Directions for this task = What is needed is an exact repetition of the lines below, from the first one through the one holding "입장권 판매대장 입니다.", with no pictures and nothing else.

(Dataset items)
BEGIN
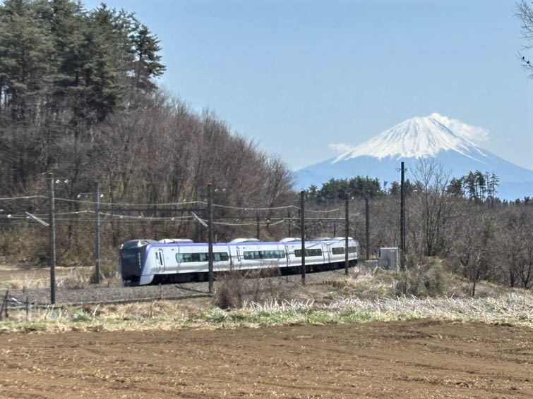 北陸新幹線の大宮付近、走行中の新幹線の車内から見た景色です。真っ赤に染まった夕焼け雲、そして遠く富士山が見えました 2025.11.2
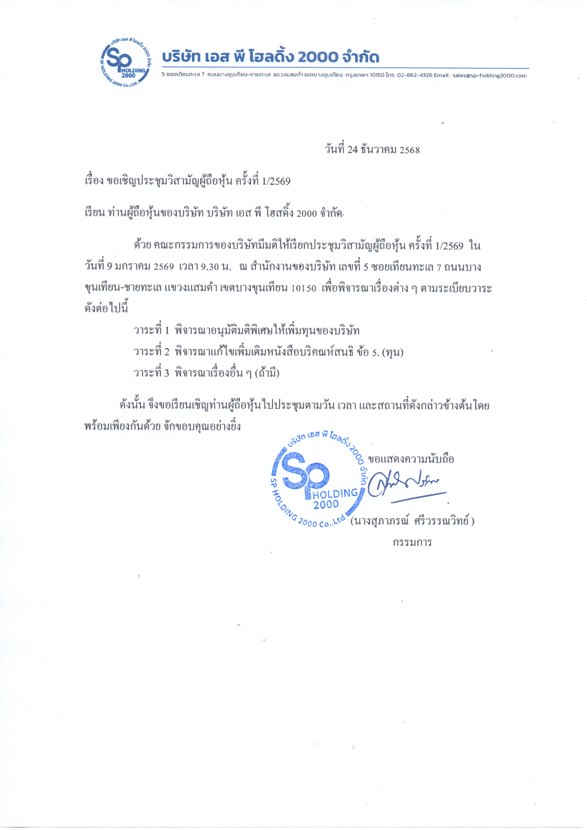 ประกาศ เรื่อง เพิ่มทุน
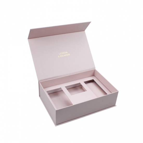 De decoratieve roze magnetische geschenkdoos is gemaakt van 157 g/m² C2S-kunstdrukpapier, gelamineerd met 2 mm grijs karton. De binnenbak is een papieren lade, matte laminering en roze kleur met hete stempels.
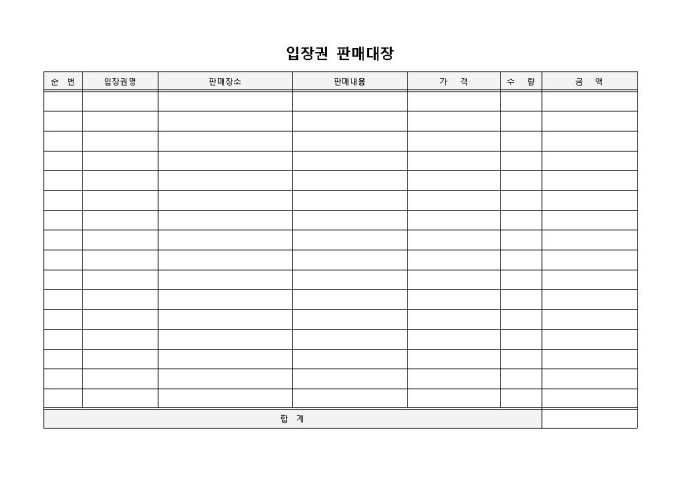 입장권 판매대장 입니다. 순번, 일자, 입장권명, 판매장소 등으로 구성되었습니다. 일일 입장권 판매 내역 및 매출 계산에 효과적입니다.
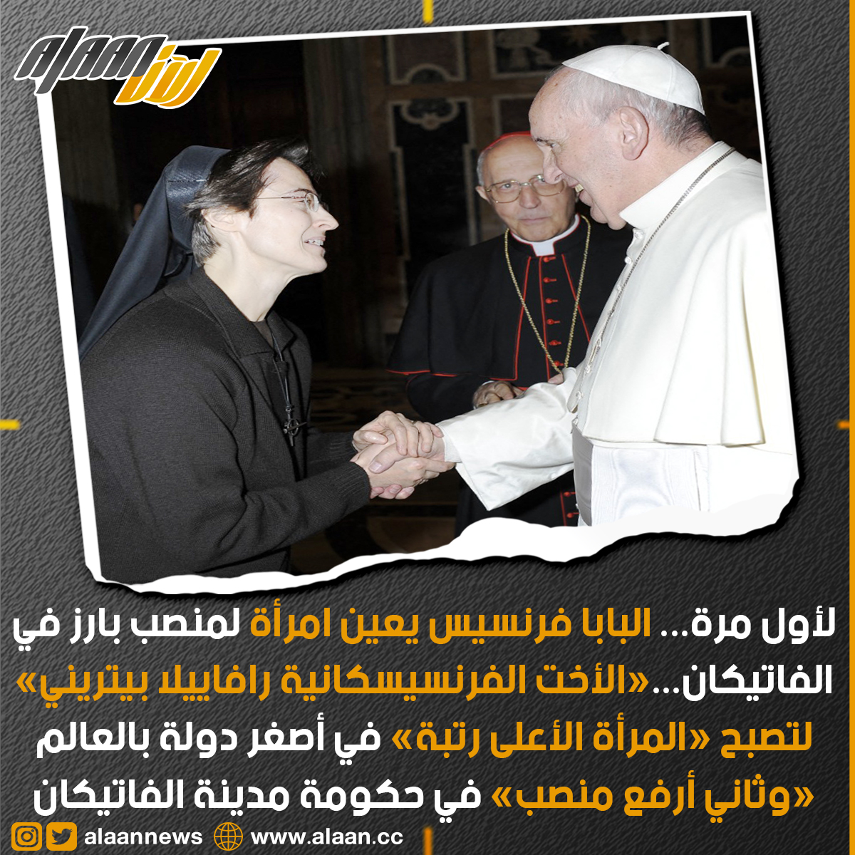 عيّن #البابا فرنسيس، الخميس، للمرة الأولى، امرأة على رأس حاكمية #الفاتيكان هي الأخت الفرنسيسكانية رافاييلا بيتريني، مؤكدا بذلك رغبته في الوصول الى مساواة أكبر في الكنيسة.(تخرجت في جامعة LUISS المشهورة لإدارة الأعمال)
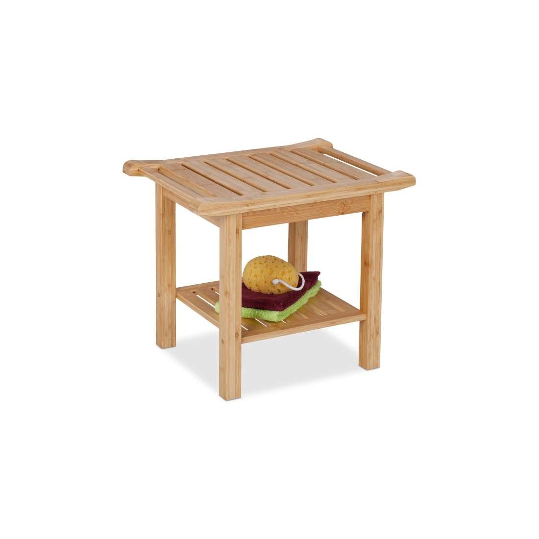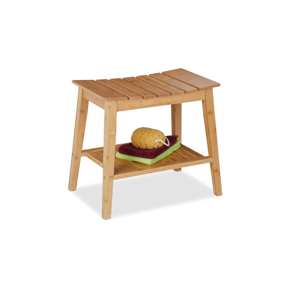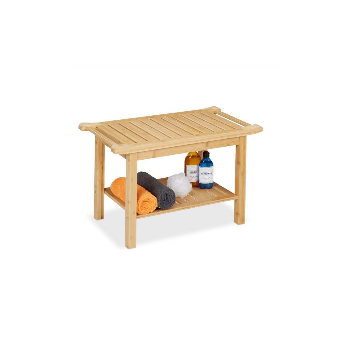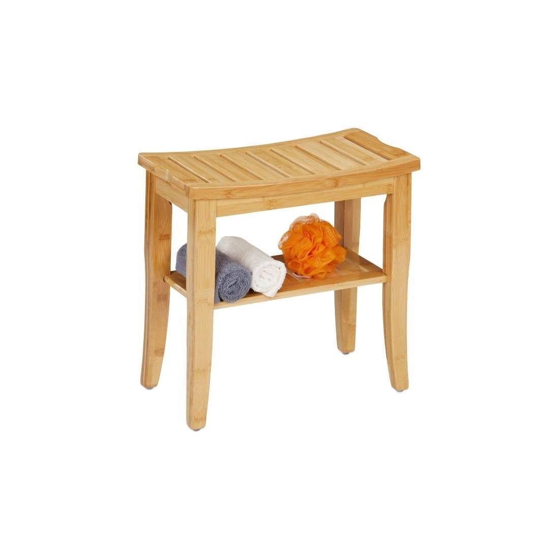 Relaxdays Badrumsbänk bambu, sittbänk badrum, hylla badrumspall trä, H x B x D: 45 x 66 x 40 cm, badrumsmöbler, natur
END
Solved exercise =
 北陸新幹線の大宮付近、走行中の新幹線の車内から見た景色です。真っ赤に染まった夕焼け雲、そして遠く富士山が見えました 2025.11.2
 ประกาศ เรื่อง เพิ่มทุน
 De decoratieve roze magnetische geschenkdoos is gemaakt van 157 g/m² C2S-kunstdrukpapier, gelamineerd met 2 mm grijs karton. De binnenbak is een papieren lade, matte laminering en roze kleur met hete stempels.
 입장권 판매대장 입니다. 순번, 일자, 입장권명, 판매장소 등으로 구성되었습니다. 일일 입장권 판매 내역 및 매출 계산에 효과적입니다.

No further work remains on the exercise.